Comparative Transcriptome Analysis with Primate Monkey Embryo Data

As an in vitro system, the system developed by Fu’s laboratory is compatible with the use of downstream genomic analysis and single-cell transcriptome profiling to identify cell types and lineage markers. The researchers have also used comparative transcriptome analysis to compare the cell types generated by their synthetic system with cell types developed from primate monkey embryos (Nakamura et al., 2016). According to Fu, the gastrulating cells generated by their system are similar to the gastrulating cells from the monkey embryos. The researchers also compared the primordial germ cell–like cells generated by the system with those generated in monkey and human embryos and other in vitro culture models (Kobayashi et al., 2017; Kojima et al., 2017; Sasaki et al., 2016).
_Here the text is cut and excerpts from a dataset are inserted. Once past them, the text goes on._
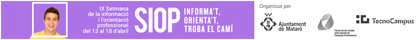 Del 14 al 18 d’abril, l’Ajuntament de Mataró organitza la SIOP, setmana de la Informació i la Orientació Laboral. Inicialment pensada per al jovent, pot ser d’interès per a qualsevol persona que es vulgui formar per reorientar la seva vessant professional.
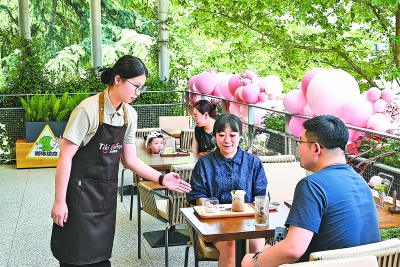 上海石油第一加能站员工为顾客提供易捷咖啡服务。
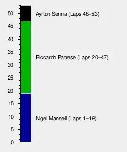 At the start Mansell took the lead ahead of Senna who just managed to stay ahead of Alesi then Patrese and Capelli. Schumacher had a poor start selecting a wrong gear and then hit a Ligier from behind at the first chicane. He had to pit to replace the nose and front wing at the end of the first lap. Patrese managed to overtake Alesi at the start of lap 2. The opening laps saw both Berger and Schumacher recovering many positions from the back of the field and overtaking a number of slower cars.
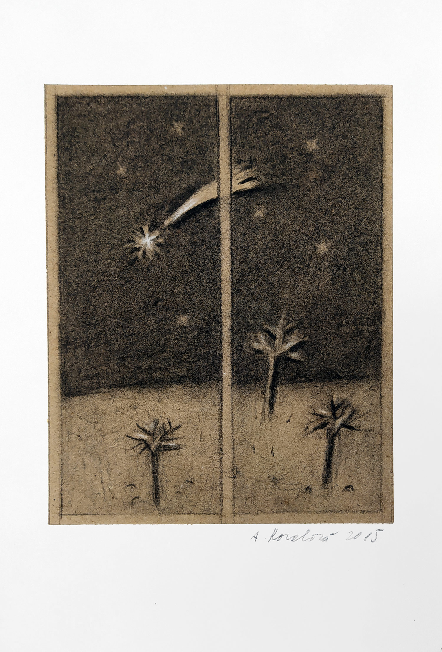 Kovalová Anežka – Prosinec, signovaná kresba uhlem, 2015. Signováno tužkou vpravo dole s datací. Celkový rozměr 24,1 cm × 16,5 cm.
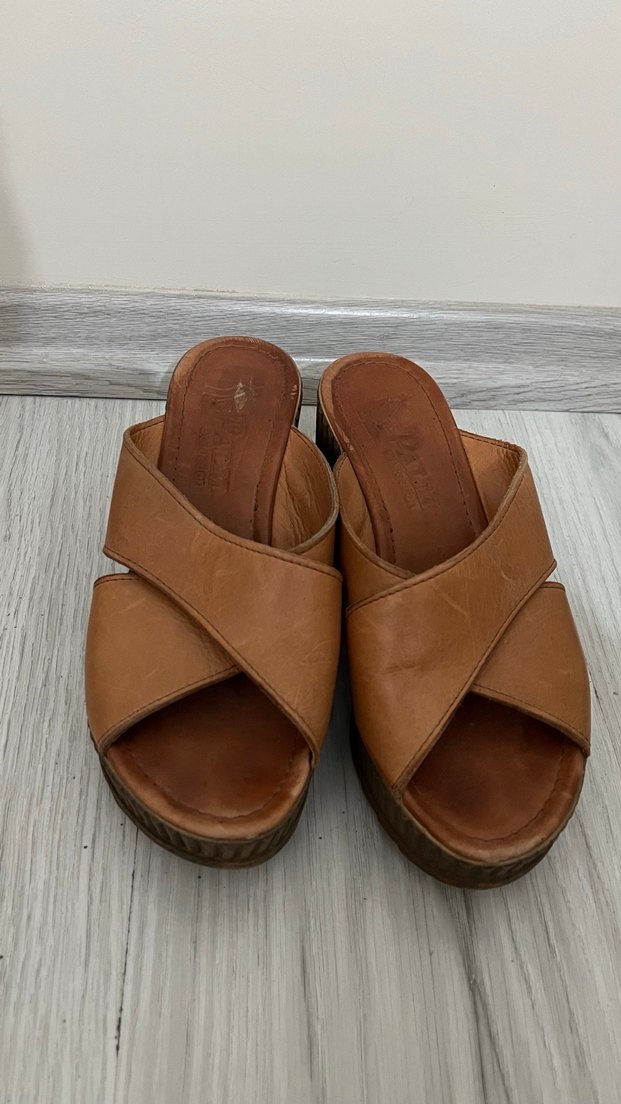 Bej deri dolgu topuklu kadın terlik, parlak yüzeyli, tokalı tasarıma sahip. Minimalist ve bohem tarzlar için uygundur.
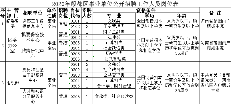 具体招聘单位、岗位、专业、人数、资格条件等详见《2020年殷都区事业单位公开招聘工作人员岗位表》(附件1),《2020年殷都区事业单位引进优秀人才岗位表》(附件2),专业或专业类别参考《河南省考试录用公务员专业设置指导目录》、《教育部研究生专业目录》。

The primordial–germ cell–like cells generated by the microfluidic system compared well with those generated in other in vitro culture models, Fu said.

PANEL DISCUSSION

Toward More Unified Terminology

Given the range of the terminology being used in these models (e.g., blastoids, gastruloids, neuruloids, synthetic embryos, embryoids), Clark suggested trying to unify the terms that scientists use to discuss this work—and to do it in a way that does not cause alarm among the general public. Warmflash described “synthetic embryo” as an inappropriate term, for instance; embryo should not be part of the name because these models do not have organismal potential. He suggested promoting uniform use of the “-oid” suffix to indicate that something is an in vitro model that aims to capture features of a stage of development (e.g., a blastoid is an in vitro model intended to capture something about the blastocyst stage, but it is not a real blastocyst). Rivron agreed that names should be based on what the system is presumed to be modeling, with the “-oid” suffix used to clarify that it is only a model. However, a challenge is that at the outset, the window of development to which the cells are equivalent is unknown. Fu suggested using “stem cell–based models of human development” if a single umbrella term including all of the models is needed.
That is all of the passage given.